Data entries
_ _ _ _ _
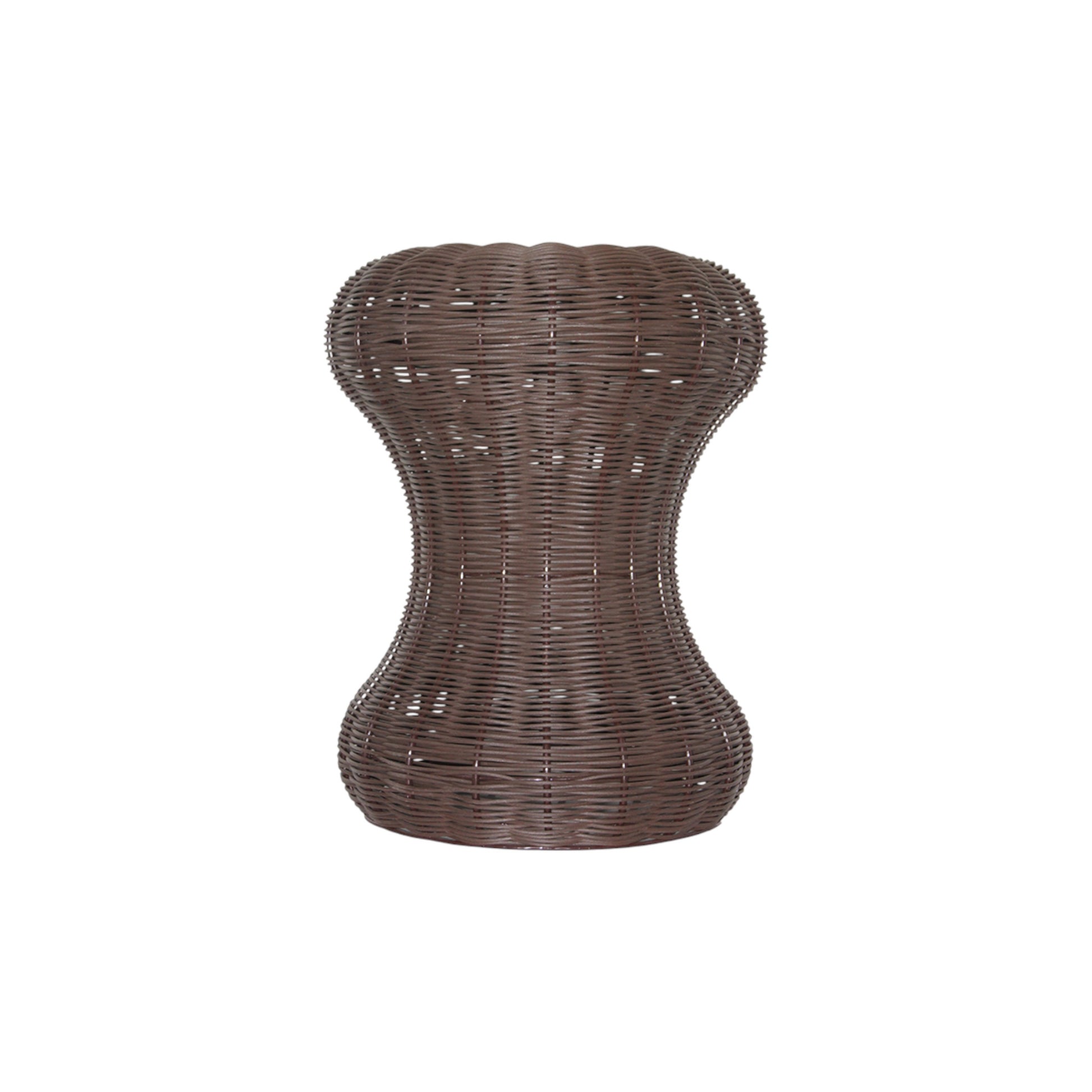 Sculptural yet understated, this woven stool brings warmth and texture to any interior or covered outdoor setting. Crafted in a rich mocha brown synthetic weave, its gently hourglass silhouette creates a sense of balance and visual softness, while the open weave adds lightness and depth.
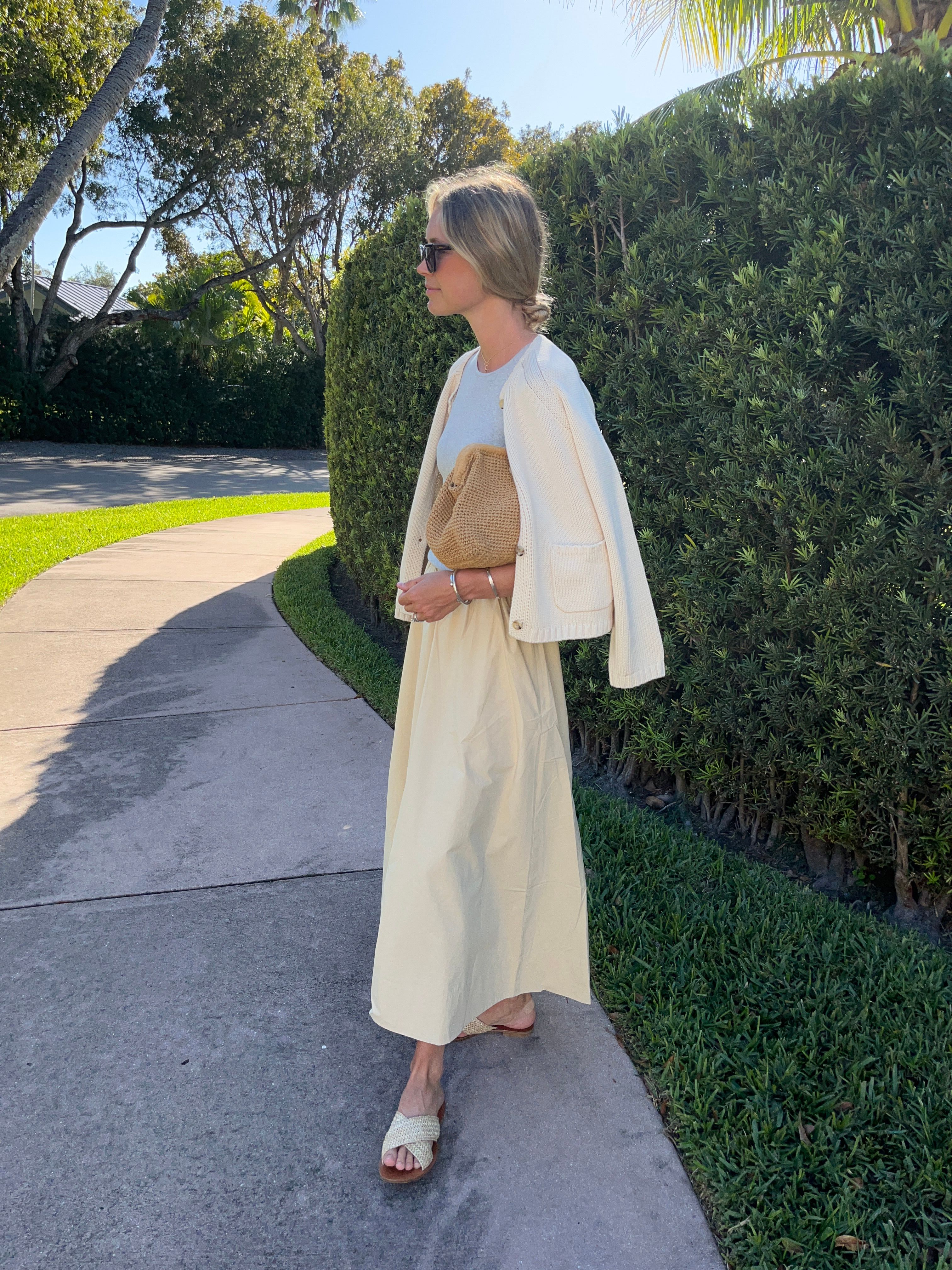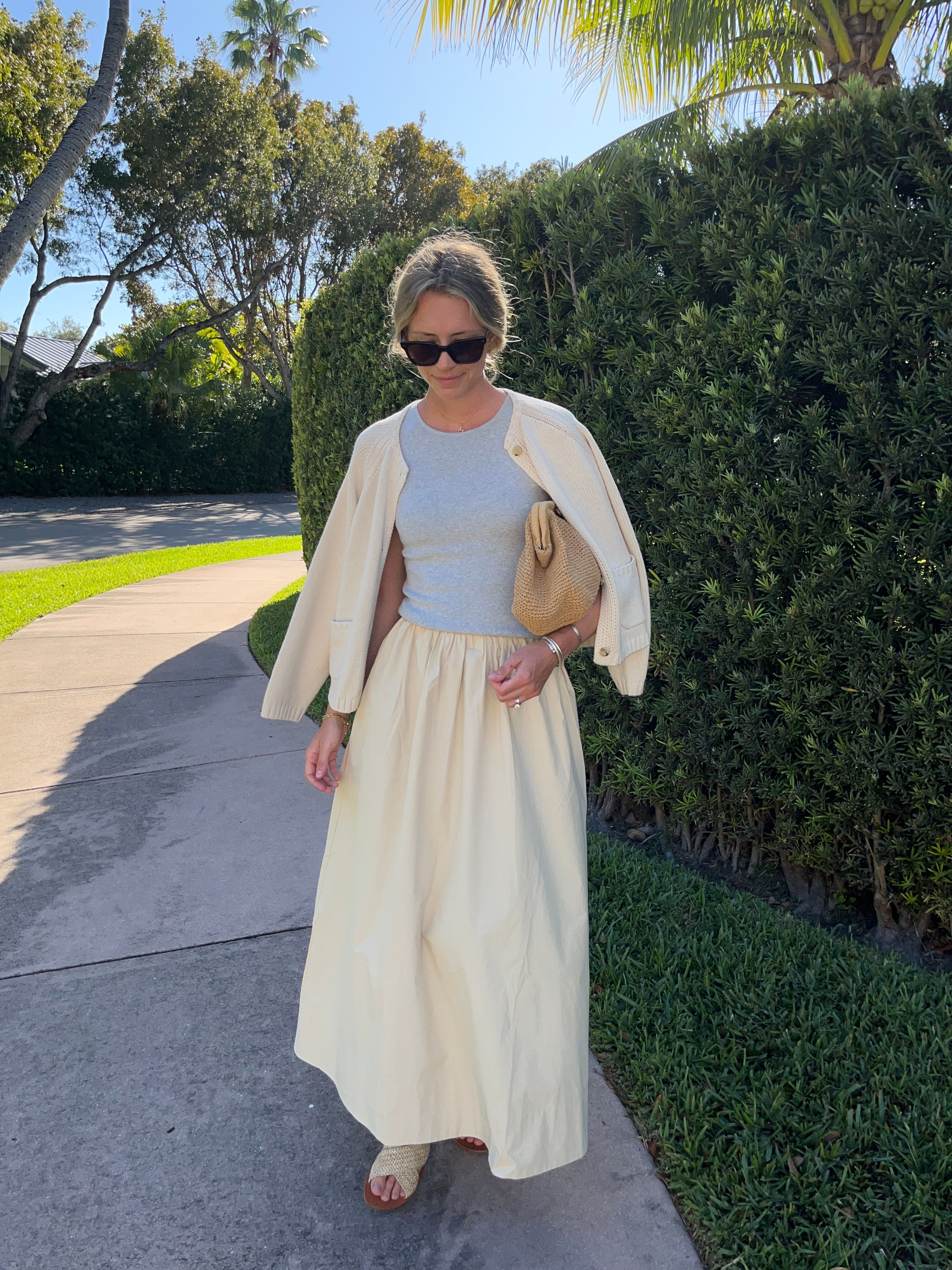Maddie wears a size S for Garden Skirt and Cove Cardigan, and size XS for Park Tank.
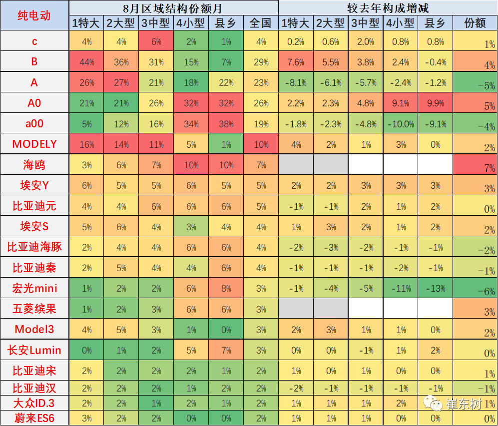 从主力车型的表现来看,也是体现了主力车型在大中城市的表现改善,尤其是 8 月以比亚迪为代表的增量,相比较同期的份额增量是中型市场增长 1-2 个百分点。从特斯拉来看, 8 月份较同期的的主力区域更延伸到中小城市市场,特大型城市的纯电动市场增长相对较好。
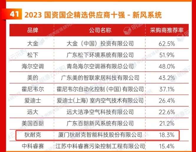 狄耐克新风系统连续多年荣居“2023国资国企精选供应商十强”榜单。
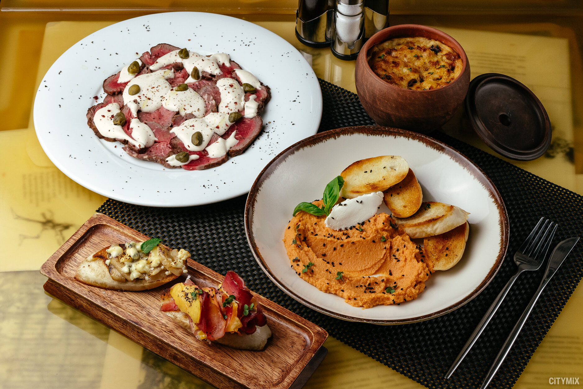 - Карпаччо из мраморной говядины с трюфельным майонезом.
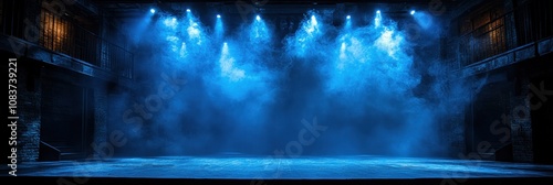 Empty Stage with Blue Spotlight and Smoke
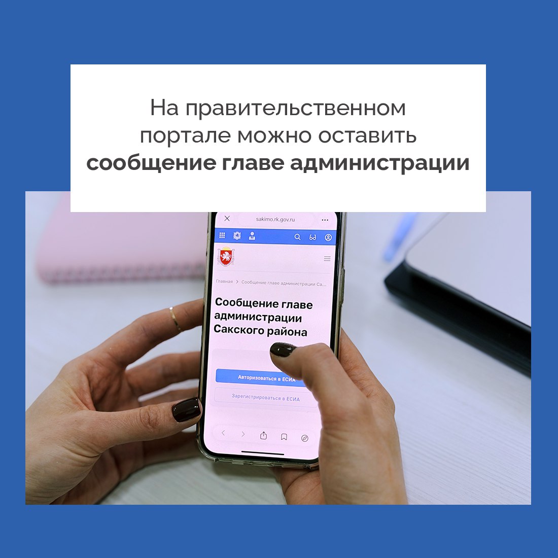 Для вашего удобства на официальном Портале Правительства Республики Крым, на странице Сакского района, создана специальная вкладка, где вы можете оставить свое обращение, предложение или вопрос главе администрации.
_ _ _ _ _
REQUIRED WORK = All lines from the one containing "Maddie wears a" through the end of the entries above must be given again exactly, with every picture omitted.

SOLUTION =
Maddie wears a size S for Garden Skirt and Cove Cardigan, and size XS for Park Tank.
 从主力车型的表现来看,也是体现了主力车型在大中城市的表现改善,尤其是 8 月以比亚迪为代表的增量,相比较同期的份额增量是中型市场增长 1-2 个百分点。从特斯拉来看, 8 月份较同期的的主力区域更延伸到中小城市市场,特大型城市的纯电动市场增长相对较好。
 狄耐克新风系统连续多年荣居“2023国资国企精选供应商十强”榜单。
 - Карпаччо из мраморной говядины с трюфельным майонезом.
 Empty Stage with Blue Spotlight and Smoke
 Для вашего удобства на официальном Портале Правительства Республики Крым, на странице Сакского района, создана специальная вкладка, где вы можете оставить свое обращение, предложение или вопрос главе администрации.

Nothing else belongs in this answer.